Certificate Program
One aspect of this initiative is the development of a Certificate in Comics Studies. Certificates at SDSU range from 12 to 18 units, or 4 to 6 courses (see list of certificates in the College of Arts and Letters).
The proposed Certificate in Comics Studies will consist of 15 units (5 courses) drawn from nearly 15 comics-focused offerings. HIST/ENG 157 (Comics and History), a general education course fulfilling students’ C1-Arts GE requirement will be the one required course for all students pursuing this certificate.
Students will then choose any four courses from our substantial offerings across the
curriculum. Some of these courses are upper-division courses that require no prerequisites
(for students who want a deep dive into how a discipline explores comics) and others
fulfill GE requirements (e.g. lower-division/foundations and upper-division/explorations
Humanities) for students who want to plot a GE pathway through comics courses.
Courses
The ten courses developed under this initiative will augment the slate of comics-focused courses that are already on the books.
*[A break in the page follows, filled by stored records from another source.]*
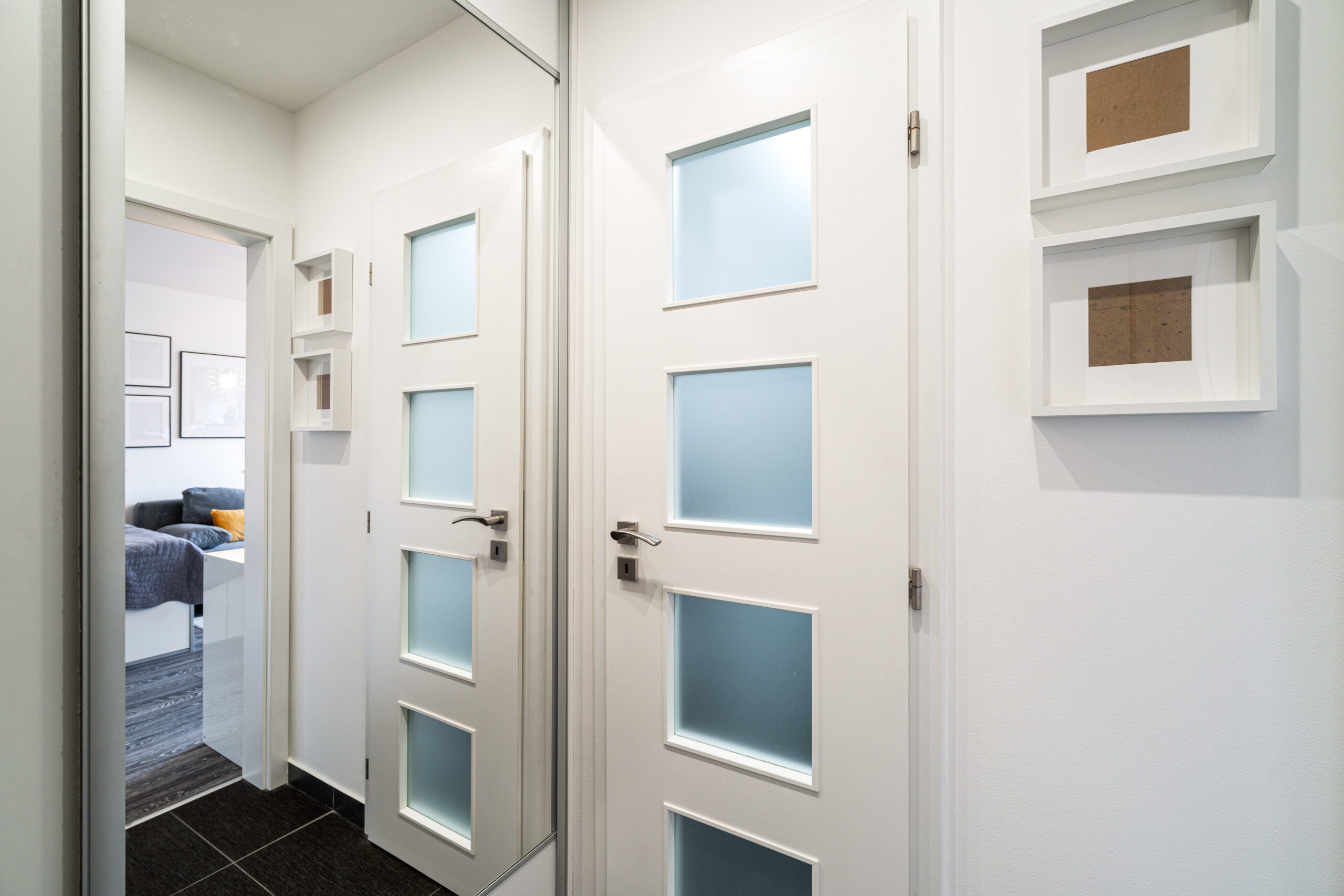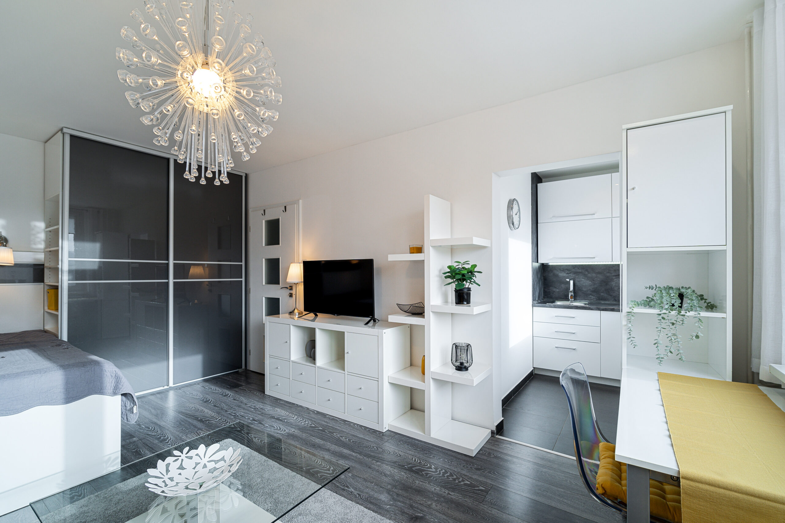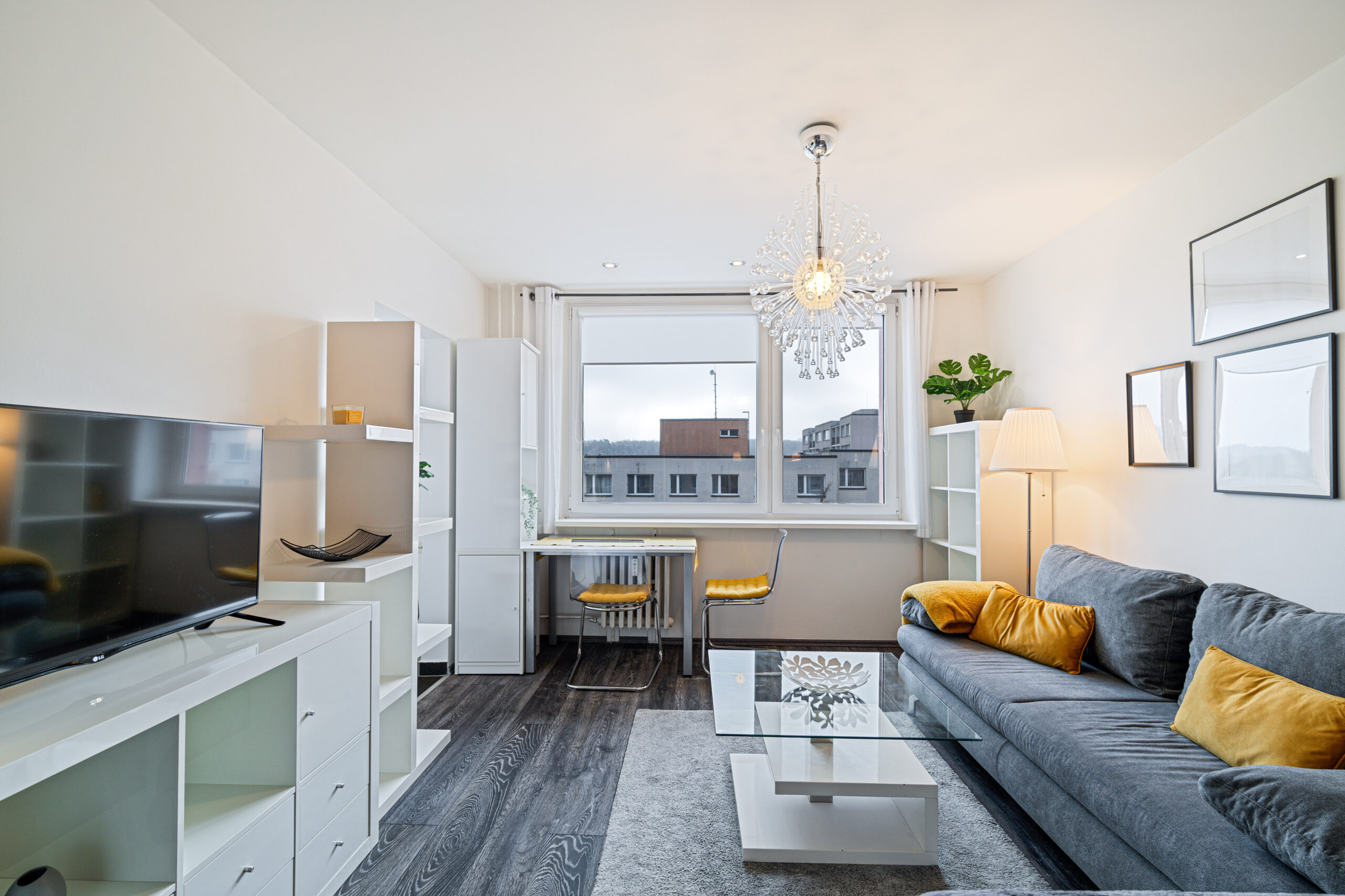 Bytová jednotka se nachází v 8. NP z devíti panelového domu. Za vstupními dveřmi se nachází předsíň, ze které je možné vstoupit do koupelny se sprchovým koutem a toaletou, a dále do prostorného obývací pokoje, na který navazuje kuchyň. Moderní kuchyňská linka je vybavena horkovzdušnou troubou, sklokeramickou deskou, lednicí s mrazákem.
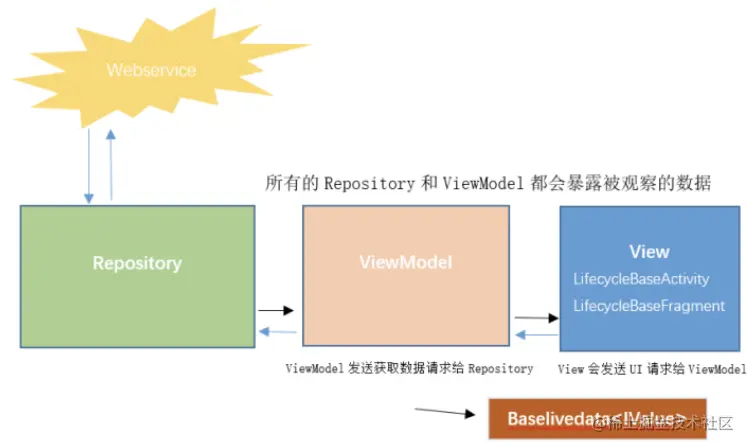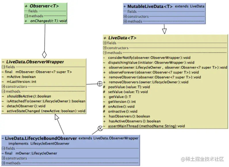 在实际的MVVM场景中,最常使用的是ViewModel和LiveData的API,比较通用的方式是ViewModel持有一个或多个LiveData,也就是需要我们开发者设计出这两个组件的聚合关系。而Lifecycle组件,则是在调用LiveData的addOberver()方法时用到的,这个方法需要传入一个LifecycleOwner对象,LifecycleOwner作为一个接口,是Lifecycle组件的重要组成部分。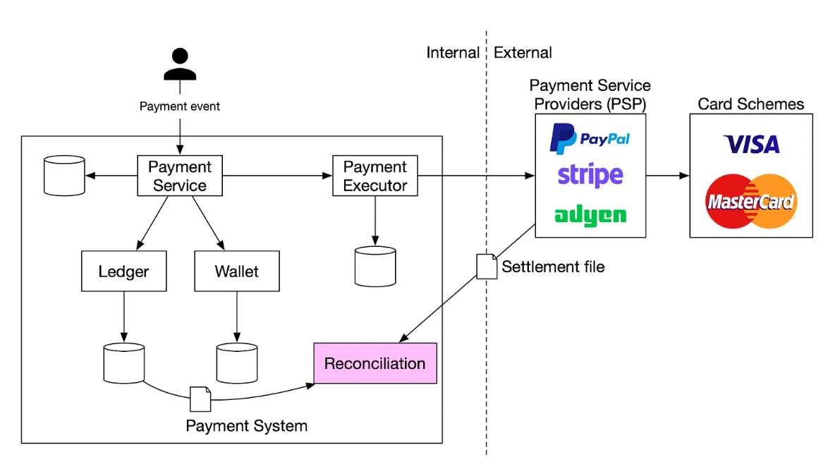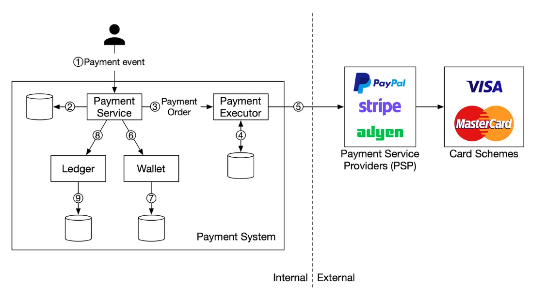 위 그림에서는 간소화를 위해 payment executor, ledger, wallet을 제외시켰다. 결제 서비스는 아래의 전체 결제 프로세스를 관장한다.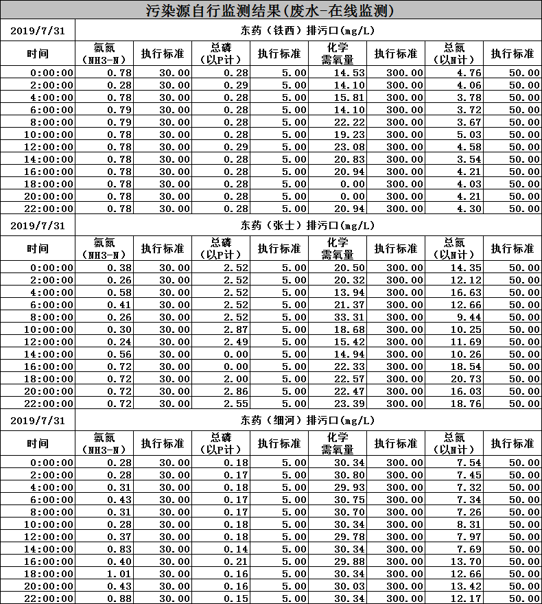 東北制藥集團(tuán)股份有限公司環(huán)境監(jiān)測數(shù)據(jù)-2019.7.31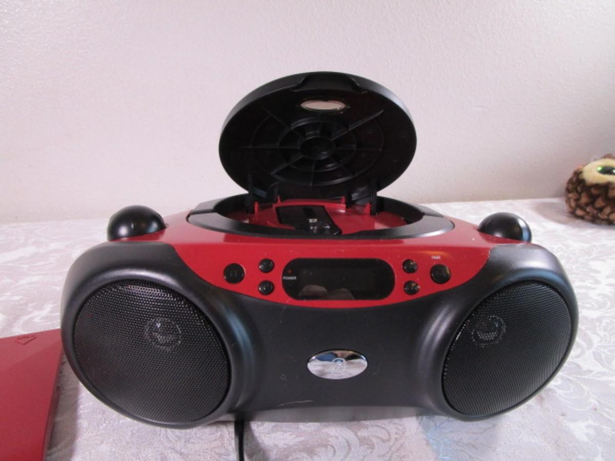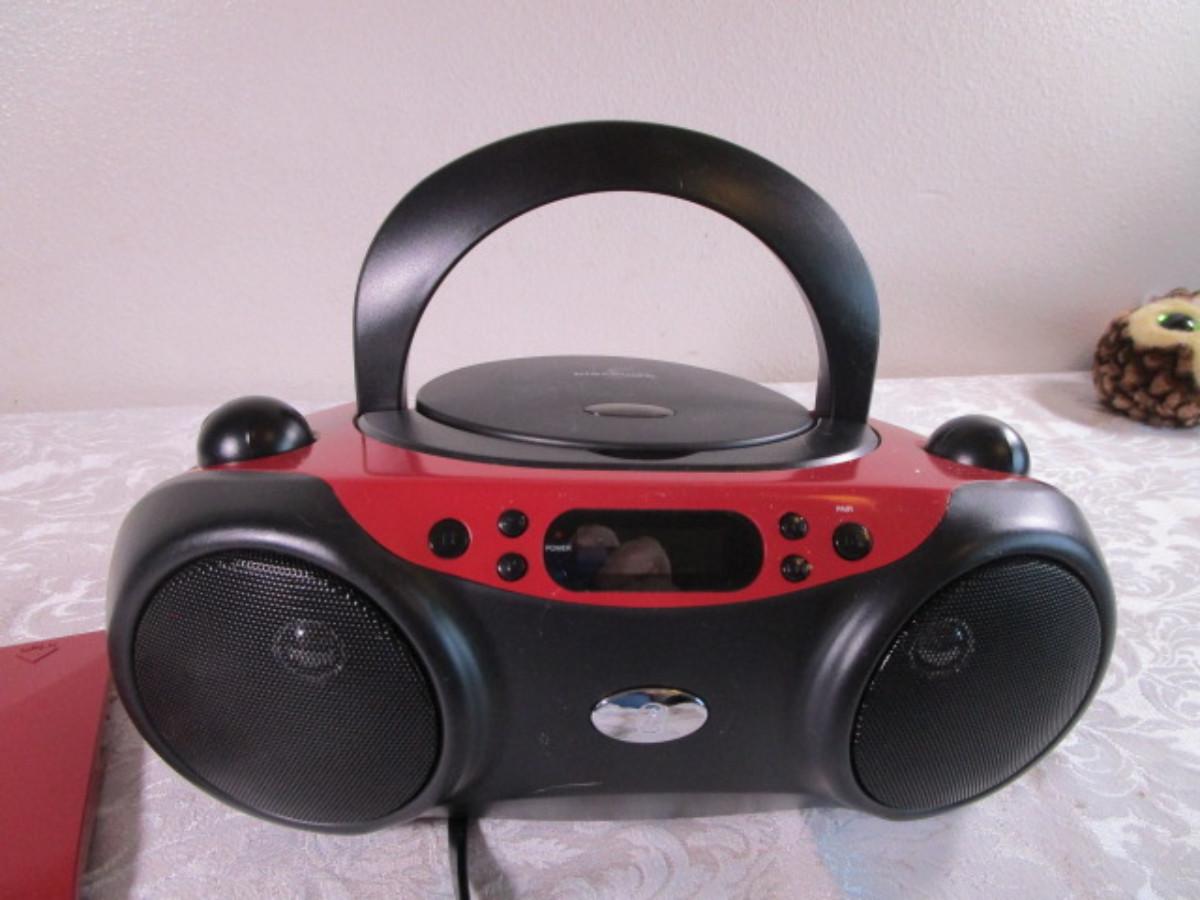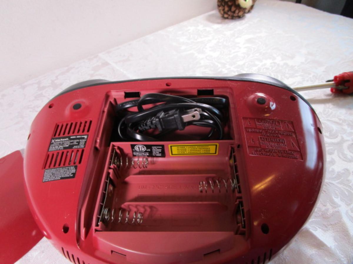 Blue tooth cd player with digital FM radio, has power cord, or takes 6 C batteries, tested and it works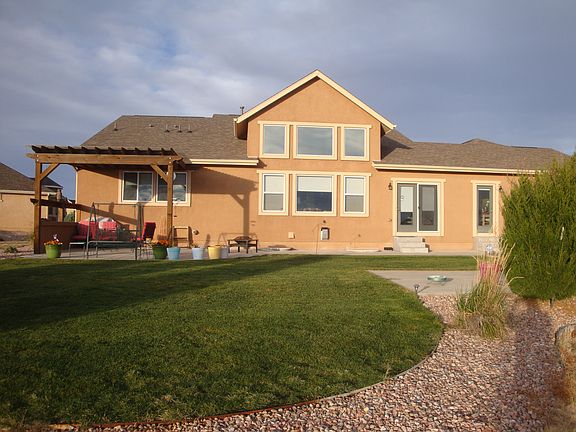 Major Price Reduction! 15 minutes from Peterson AFB! Romance and charm abound in this spacious one of a kind 4BR/4BA/3 CAR with a separate office rancher located on a private .6 Acre lot with Mt. Views & Backs to Open Space. This home exudes quality with gorgeous hickory custom cabinets,gourmet kitchen island,Silestone countertops,custom stone floor to ceiling fireplace,wrought iron railings,luxurious 5 piece master with jetted tub,hardwood floors,french doors,3 car garage, convenient full rear garage door,and an incredible professionally landscaped yard with covered patio. It's truly Better than New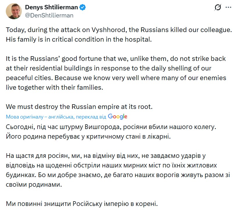 Штилерман подчеркнул, что Украина знает, где живут российские разработчики ракет. Также руководитель Fire Point написал, что Российскую империю следует разрушить "в корне".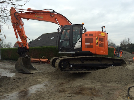 GSned in Terneuzen nam de tweede nieuywe machine van Hitachi in ontvangst via Pladdet. Na de vorig jaar aangeschafte ZX250LC-5 viel de keuze nu op de ZX225USLC-5 binnendraaier. De 25-tons machine werd vroeg in de morgen afgeleverd in een natuurgebied op Flakkee.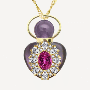 “Princess Diana’s legacy is profoundly tied to her compassion, empathy, and humanitarian efforts. The chosen stones—pink sapphire, symbolizing wisdom and royalty in love, and rose quartz, representing unconditional love—harmoniously create a powerful amulet for kindness and self-love.”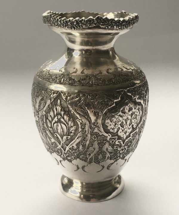 889. Zilver, kleine fijn bewerkte vaas, omgeving Perzië, midden 20e eeuw.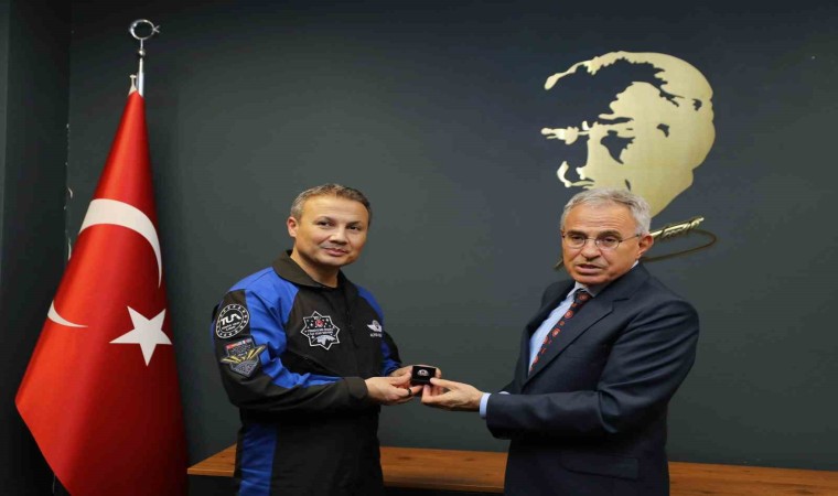 Rektör Prof. Dr. Arif Özaydın, program sonunda Sanayi ve Teknoloji Bakanı Mehmet Fatih Kacır ve Türkiye Uzay Ajansı Yönetim Kurulu Üyesi ve ilk Türk astronot Alper Gezeravcı’ya hediye takdim etti.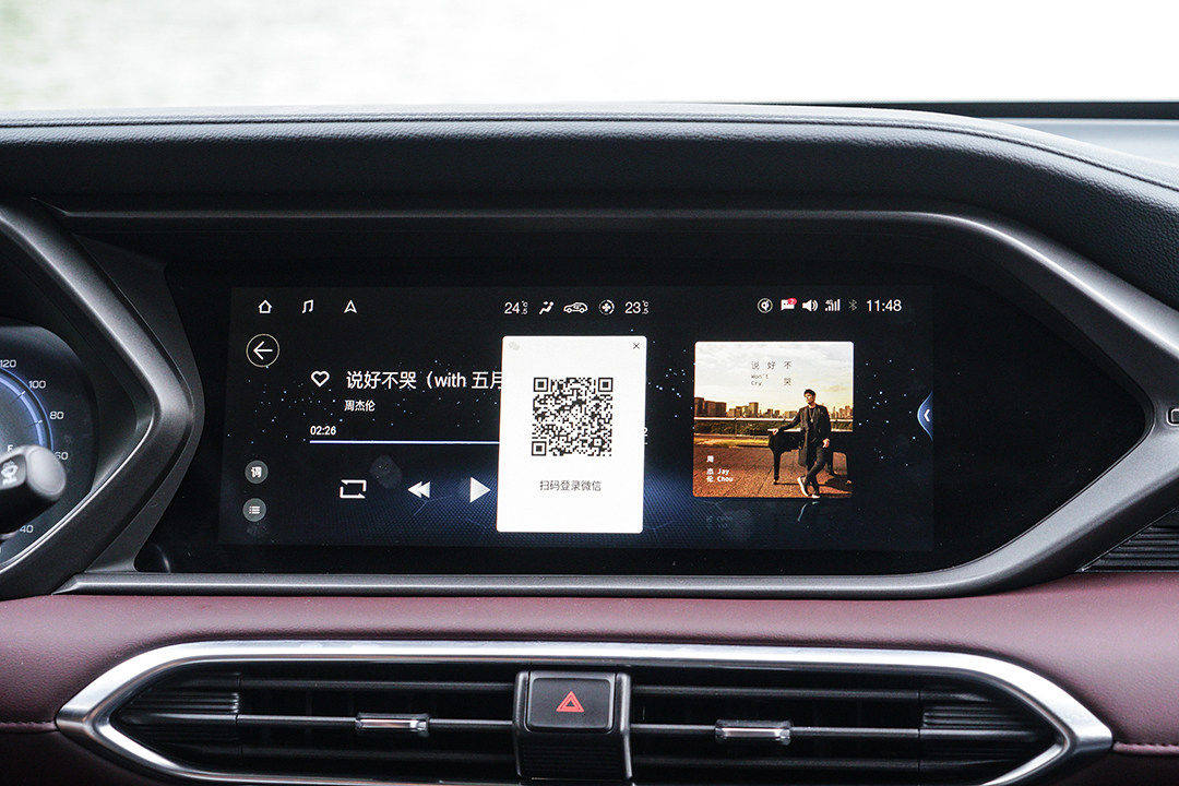 来到车内,从视觉上便能感受到新车内饰的提升。中控台为“X”型的设计理念,车内采用了大面积的软质材料包裹,在整体质感上有着不错的表现。双12.3英寸的连体屏设计,让内饰的科技感得到很大的提升。

Already-existing comics courses include:
- ART 215 - Visual Odyssey through Comics and Sequential Media (Kendricks);
- HIST/ENG 157 - Comics and History (Pollard, Tarpley, Stout, Nericcio, Thomas, and Howard);
- AMIND 235 – Indians in Comic Books and Graphic Arts (Hassing); and
- HIST 457 - Graphic History (Tarpley).
Courses added to the curriculum in AY 22/23 include:
- AFRAS 475 - Super Black: The Politics of Representation in Comics (Brown);
- ECL 568 - Chicanx Comix: Community, Storytelling, and Social Justice (Nericcio);
- HIST 538 - Comics in Cold War America (Daddis);
- LGBT 550 - Queering Comics (Whatcott); and
- RWS 413 - The Rhetoric of Comics (Jenkins).
And courses in development in AY 23/24 include:
- Religion in/of Comics (Brad Kirkegaard, Study of Religion);
- Manga and Japanese History (Raechel Dumas, History);
- Comics and Race (Michael Dominguez, Chicana and Chicano Studies);
- Avenging the Universe: An Introduction to Environmental Humanities & Comics (Kishauna Soljour, Humanities); and
- Comics for K-12 Teachers (Katie Sciurba, Literacy Education).
Program Learning Outcomes
We’ve begun the process of crystallizing our formal program learning outcomes. One step was a brainstorming session by members of our comics working group in which faculty contributed to two jamboards: one that envisioned a range of potential program learning outcomes and another that graphed those outcomes as beginning, intermediate, and advanced.
What’s Next?
In Fall 2023, we’ll submit the proposed Certificate in Comics Studies to SDSU’s curriculum approval process.